Wednesday, April 29, 2009
More On The May Propositions
The Sacramento Bee has this article on the May propositions--a Field Poll which shows Props. 1A through 1E losing. Dan Walters explains why here. And here is another story from the Bee sounding the same theme. And here is George Skelton's analysis, from the Los Angeles Times (I think he's the first to link this election to the Nov. 2005 election in which all the measures lost).
A Note On The Prevailing Wage Case
One of the most pernicious aspects of the majority's decision is the way it uses the exceptions to the prevailing wage law to undermine its constitutionality. Legislatures often legislate incrementally; it's characteristic of the compromises that are built into our political system, with its multiple checks and balances. And, indeed, Equal Protection analysis recognizes the legislatures can, and often should, legislate one step at a time. So the fact that the prevailing wage law doesn't apply to every construction contract, public or private, or even every public one, shouldn't be used to call it ineffective and constitutionally flawed.
Tuesday, April 28, 2009
Charter Cities Not Governed By Prevailing Wage Law
In State Building and Construction Trades Council v. City of Vista (here), a divided Court of Appeal has held that a state law requiring the payment of prevailing wages on public works projects does not apply to public works contracts that are financed solely from city revenues. The court based its decision on Article XI, Section 5, which gives charter cities power over "municipal affairs." However, this power does not extend to matters of "statewide concern." If a state statute addresses a matter of statewide concern, it will supersede contrary charter city laws if the state law is "both reasonably related to resolution of that concern, and narrowly tailored to limit incursion into legitimate municipal interests."
In holding that the prevailing wage law did not cover charter cities, the court majority focused on its limited scope--it does not apply to private projects and not even to all public ones--and on the cases holding that the salaries of a charter city's own employees are a municipal affair, not a matter of statewide concern. Consequently, the majority found that "the wages paid on local public works projects are not matters of sufficient extramural dimension to support legislative intervention." How a city spends its money is generally of only local concern and neither the Legislature nor the plaintiff had shown that the level of public works wages had a significant extra-territorial effect. Nor, given the number of exceptions to the prevailing wage statute, could the Legislature rely on an interest in statewide uniformity to support the statute. Finally, the plaintiff's showing that construction markets are regional was held by the majority not to support the statute in the absence of evidence that the prevailing wage law affected those markets.

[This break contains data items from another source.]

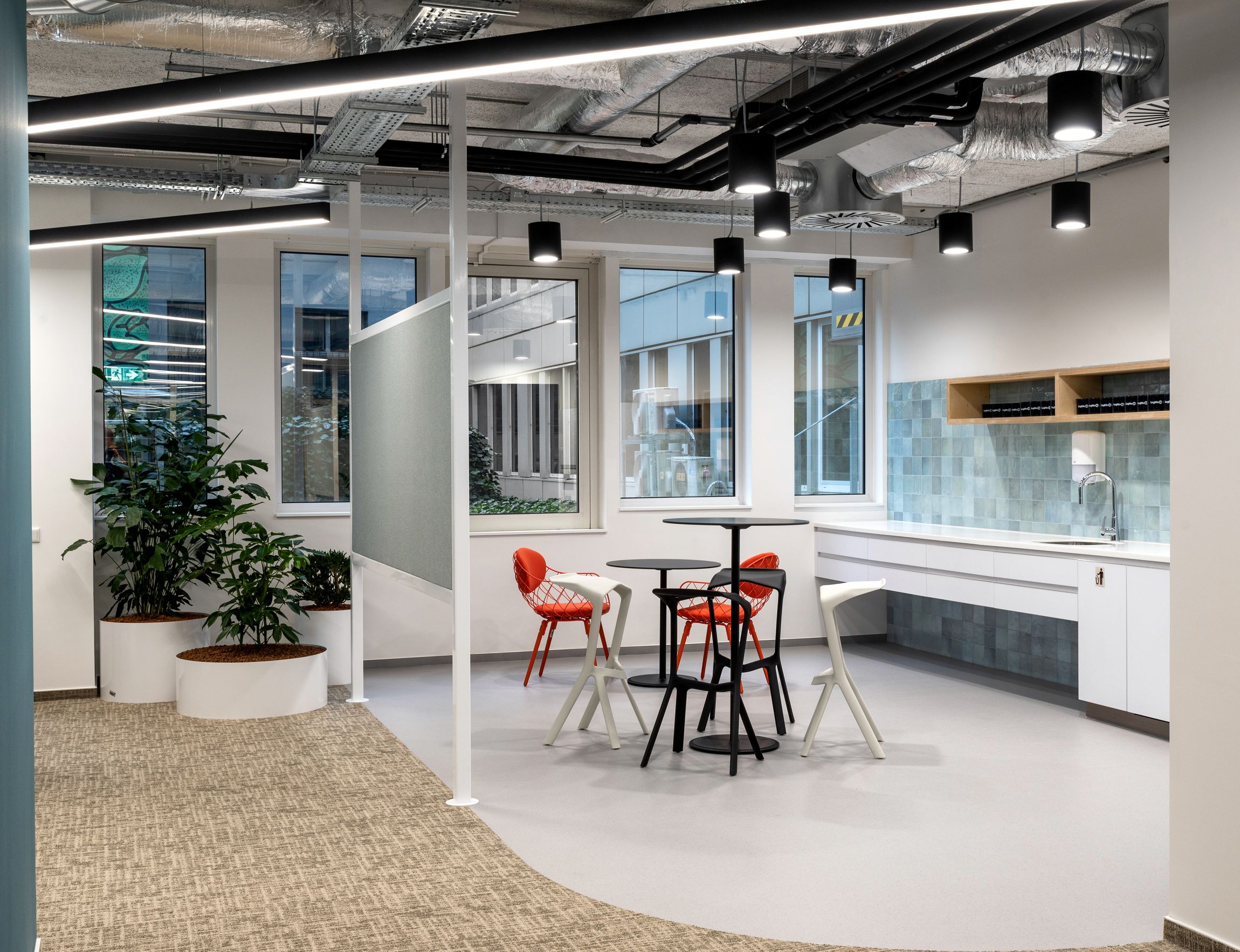 The portion of lounge and stand-up zones follow the demand of the working method of the company.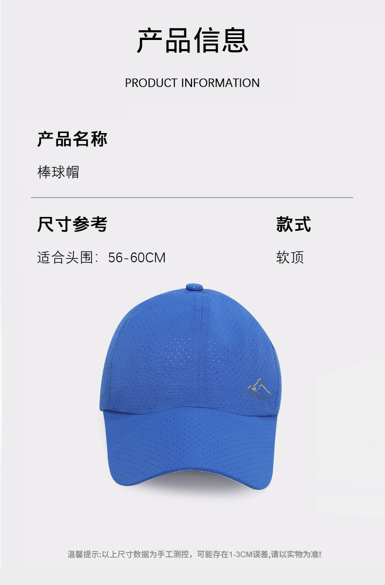 棒球帽新款速干山峰春夏休闲百搭男时尚潮流鸭舌帽户外运动帽子女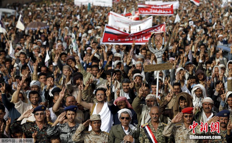 当地时间2015年5月18日,也门萨那,也门什叶派胡赛武装支持者组织游行,抗议沙特联军空袭。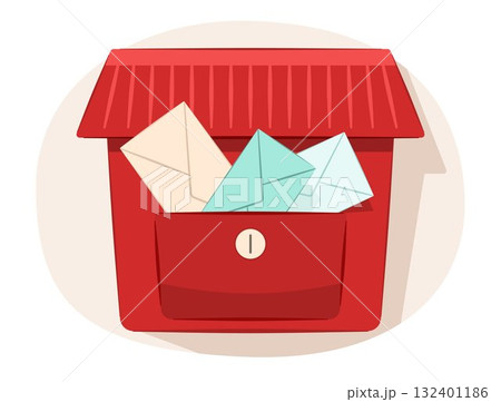 Red Mailbox with Post Envelope Inside for Postal and Correspondence Concept Illustration Clip Art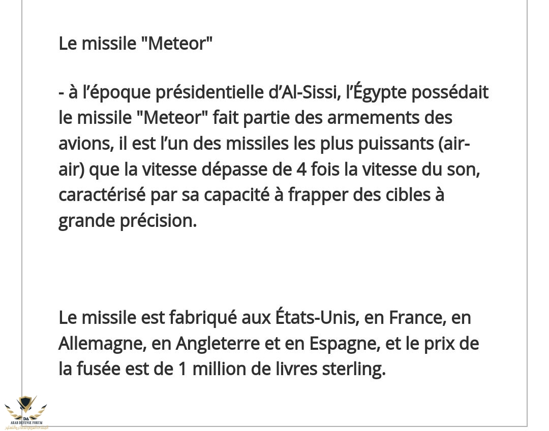 - في عهد السيسي الرئاسي كان لدى مصر صاروخ "الميتيور" وهو جزء من تسليح الطائرات، وهو من أقوى الصواريخ (جو – جو) التي تتجاوز سرعتها 4 أضعاف سرعة الصوت، وتتميز بقدرتها على إصابة الأهداف بدقة كبيرة.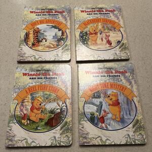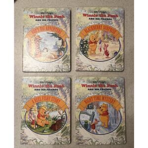 This product is a set of four board books featuring characters from Walt Disney's Winnie the Pooh franchise. The book feature stories and illustrations of Tigger, Piglet, and Roo, as well as other beloved characters from the Hundred Acre Wood. Published in 1994, these contemporary books are a perfect addition to any Disneyana collection, showcasing the charm and whimsy of the classic Pooh stories. Made in China, these books are a nostalgic and delightful treat for fans of all ages.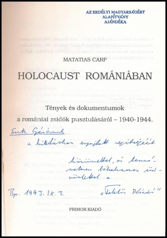 Carp, Matatias: Holocaust Romániában. Tények és dokumentumok a romániai zsidók pusztulásáról - 1940-1944. H.n., Primor Kiadó. Kiadói papírkötés, kissé kopottas állapotban. A felelős kiadó, Atzél Ferenc által Entz Géza (1949- ) történész részére dedikált példány.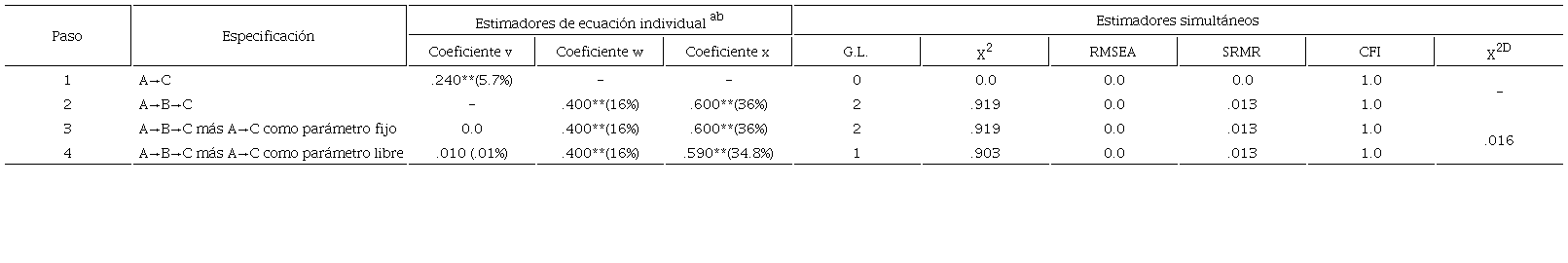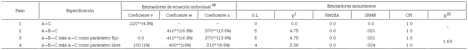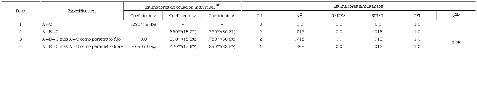 En este modelo, los coeficientes de las trayectorias v, w, x en los pasos 1 y 2, para estimar la asociación entre las tres variables, son todos significativos en la dirección predicha. En el paso 1, el efecto de la variable independiente sobre la variable dependiente; esto es, el efecto de A sobre C, es .290; p = .01. Y, en el paso 4, controlando la variable mediadora, el coeficiente de la misma trayectoria se reduce a -.050, perdiendo también toda significancia estadística, por lo que el efecto de A sobre C es puramente indirecto. Los estimadores simultáneos muestran valores de ajuste global adecuados en los 4 pasos: X2 es consistentemente menor que los grados de libertad; RMSEA muestra en todos los pasos un valor de ajuste perfecto; SRMR también muestra solo valores bajos; CFI muestra solo valores de ajuste perfecto. También, se cumple la condición de una mejoría mínima en el grado de ajuste del modelo completo en el paso 4, cuando la trayectoria v se libera, respecto al paso 3, cuando v se encuentra como parámetro fijo en cero, ya que X2 pasa de .718 (con 2 grados de libertad) a .468 (con 1 grado de libertad) con un diferencial de 0.25.

Needless to say, the dissent saw the applicable legal standard and the evidence quite differently. Doctrinally, the dissent saw the statewide concern issue as focusing on the Legislature's purpose in enacting a statute, rather than the statute's effectiveness. There were three such purposes, each reflecting a statewide concern: upholding prevailing wage rates in the construction industry, ensuring quality work on public projects and promoting a quality apprenticeship program. The dissent also rejected the majority's reliance on the cases upholding a charter city's power to control the salaries of its own employees. Finally, the dissent found that the prevailing wage law was reasonably related to these purposes and did not unduly trench on local interests.
Given the importance of this issue, and the divided vote in the Court of Appeal, this case seems like a very good bet for Supreme Court review.

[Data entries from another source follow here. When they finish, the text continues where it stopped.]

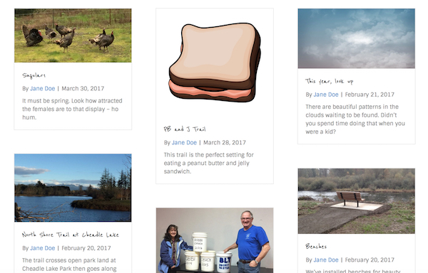 Posts or pages are displayed in top-aligned column groups. In this example, the columns are not set to equal height, so each group is top- aligned, but the bottom borders are adjusted to fit the posts.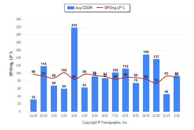 January 2026 Average Continuous Days on Market trend Remains Steady and Sold/Original List Price Ratio Remains Steady**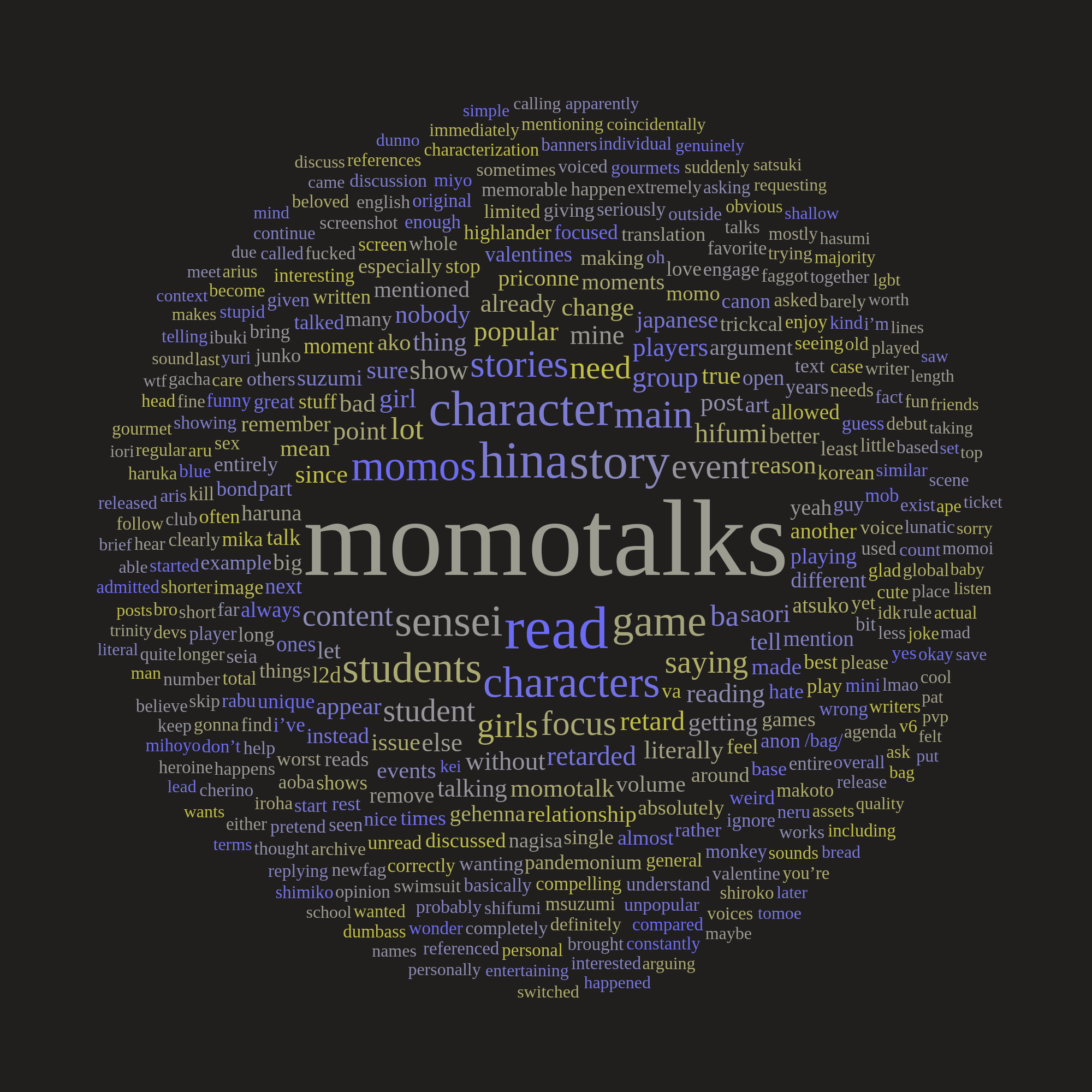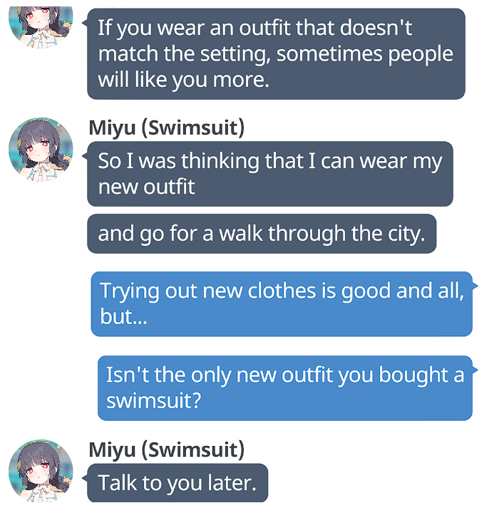 >>563291339I didn't bring up time gating, you did. And I'm not sure why.I just said a lot of people don't read momotalks >>563290759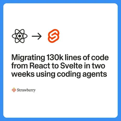 😧 Переписали 130K строк с React на Svelte за две недели Интересный кейс от Strawberry: команда полностью перенесла фронтенд браузера с React на Svelte всего за две недели с помощью coding agents. П

In holding that the prevailing wage law did not cover charter cities, the court majority focused on its limited scope--it does not apply to private projects and not even to all public ones--and on the cases holding that the salaries of a charter city's own employees are a municipal affair, not a matter of statewide concern. Consequently, the majority found that "the wages paid on local public works projects are not matters of sufficient extramural dimension to support legislative intervention." How a city spends its money is generally of only local concern and neither the Legislature nor the plaintiff had shown that the level of public works wages had a significant extra-territorial effect. Nor, given the number of exceptions to the prevailing wage statute, could the Legislature rely on an interest in statewide uniformity to support the statute. Finally, the plaintiff's showing that construction markets are regional was held by the majority not to support the statute in the absence of evidence that the prevailing wage law affected those markets.
Needless to say, the dissent saw the applicable legal standard and the evidence quite differently. Doctrinally, the dissent saw the statewide concern issue as focusing on the Legislature's purpose in enacting a statute, rather than the statute's effectiveness. There were three such purposes, each reflecting a statewide concern: upholding prevailing wage rates in the construction industry, ensuring quality work on public projects and promoting a quality apprenticeship program. The dissent also rejected the majority's reliance on the cases upholding a charter city's power to control the salaries of its own employees. Finally, the dissent found that the prevailing wage law was reasonably related to these purposes and did not unduly trench on local interests.
Given the importance of this issue, and the divided vote in the Court of Appeal, this case seems like a very good bet for Supreme Court review.
The Future Of Proposition 13
Dan Walters of the Sacramento Bee weighs in here on the future of Proposition 13--including an important change that would not require a constitutional amendment.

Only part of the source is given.